Parece-nos nítida a semelhança entre as linguagens de alguns filmes classificados como cinema do corpo, e os vídeos dos pioneiros da videoarte no Brasil. Tomemos os filmes de Warhol onde, em geral, o artista deixa a câmera fixa e grava ações dos atores, mesmo sendo roteirizados alguns de seus filmes parecem registrar uma espécie de performance, ou simples aparições de atores em frente à câmera.

Já o vídeo clássico brasileiro, Marca Registrada, 1975, de Letícia Parente, em que é colocada uma câmera fixa em um plano de detalhe do pé da artista que borda as palavras Made in Brasil na sola de seu pé, o vídeo é a própria duração desse ato, sendo realizado sem cortes em um só plano. A realização do vídeo sem cortes é uma opção da artista, mas que tem a ver com o fato de que nessa época não era possível a realizar a edição.

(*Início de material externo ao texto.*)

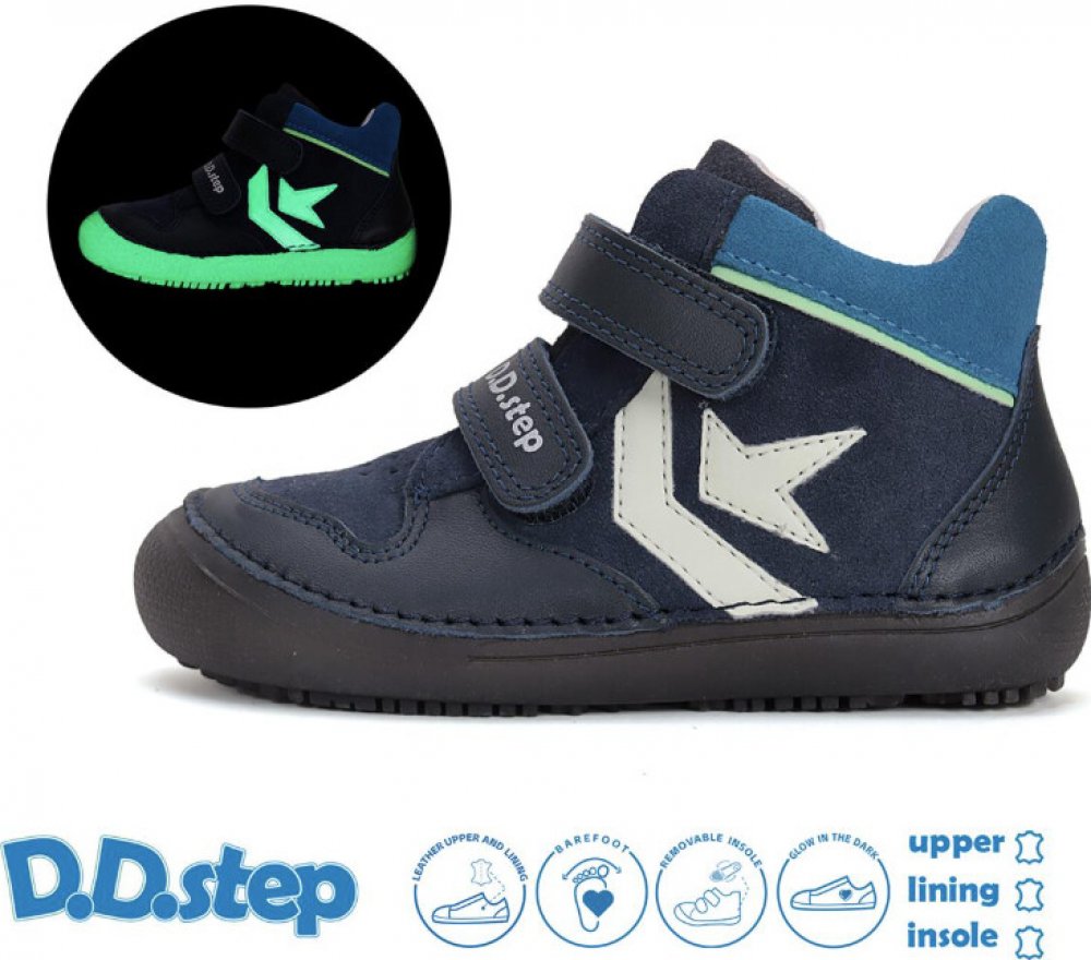 D.D.Step celoroční obuv barefoot A063-52159M Bermuda Blue SVÍTÍCÍ VE TMĚ chlapecké

Muitos filmes de Warhol também correspondem a uma espécie de performance corporal, ou simples aparição em frente à câmera. Porém, os motivos são diferentes nos vídeos pioneiros e nos filmes de Warhol, por exemplo, este joga com a ideia dos superstars, com o exibicionismo, com as celebridades, com o erotismo, a transgressão, e com uma espécie de paródia dos filmes Western de Hollywood. Enquanto que o ato, ou performance, presente no vídeo de Letícia Parente e na maioria dos vídeos brasileiros da década de 1970 tem uma forte conotação política.

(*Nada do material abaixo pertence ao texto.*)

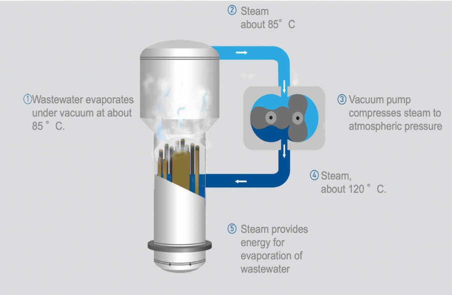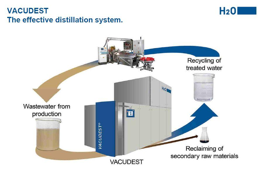Mechanical Vapour Recompression /Vacuum Evaporation Plants for the treatment of emulsions and oil-containing wastewater offer a viable alternative to the disposal of spent coolant and other oil-containing wastewater. This state-of-the-art processing technology allows for the reuse of distillate for preparing fresh emulsions, other workshop purposes, or disposal into the public sewer.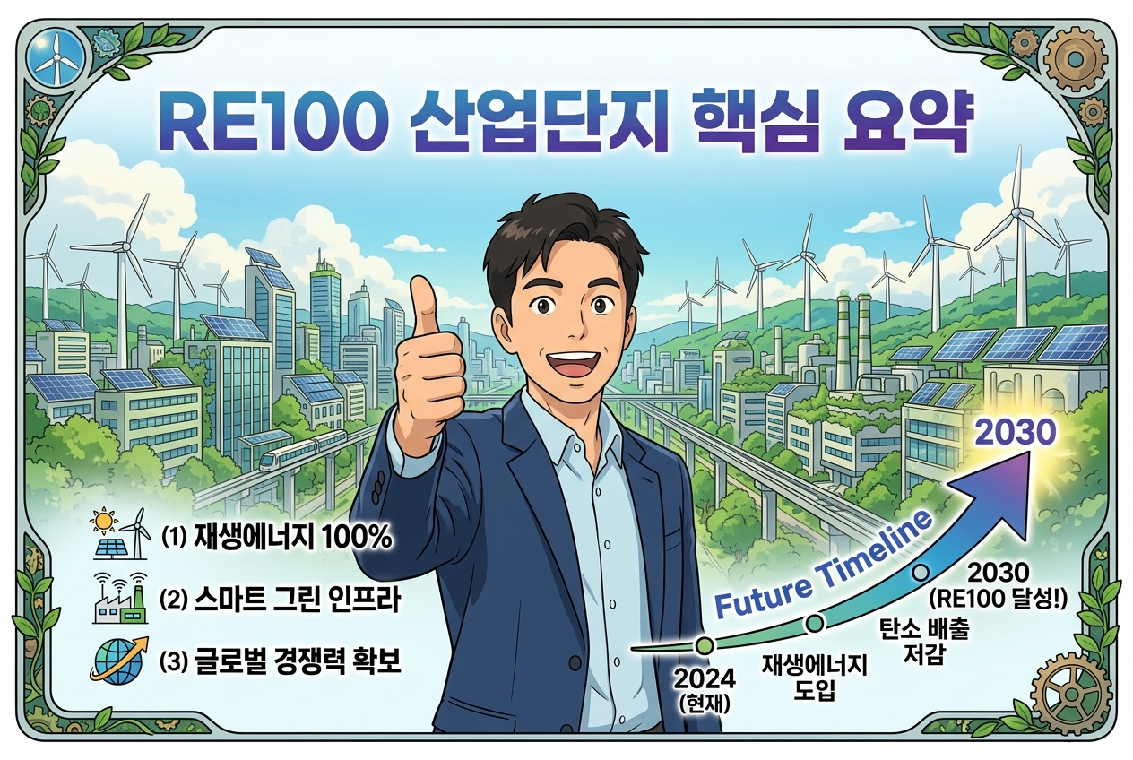 본 글의 RE100 산업단지 관련 정보는 2026년 4월 기준으로 작성되었으며, 특별법 제정 및 정책 변경에 따라 세부 내용이 달라질 수 있습니다. 정확한 입주 조건과 세제혜택은 산업통상자원부 및 관할 기관에 직접 확인하시기 바랍니다. 본 포스팅은 AI를 활용하여 작성하였습니다.

Em muitos filmes de Warhol a duração dos planos depende da duração das bobinas de filmes, devido a própria escolha do artista, enquanto nos vídeos pioneiros de 1970 a duração também dependia do suporte devido a uma limitação técnica, porém isso influía na linguagem dos vídeos. Esses filmes e vídeos se assemelham ao buscar um registro dos corpos em “tempo real”, onde a duração permeia uma espécie de ato ou performance artística de forma contínua.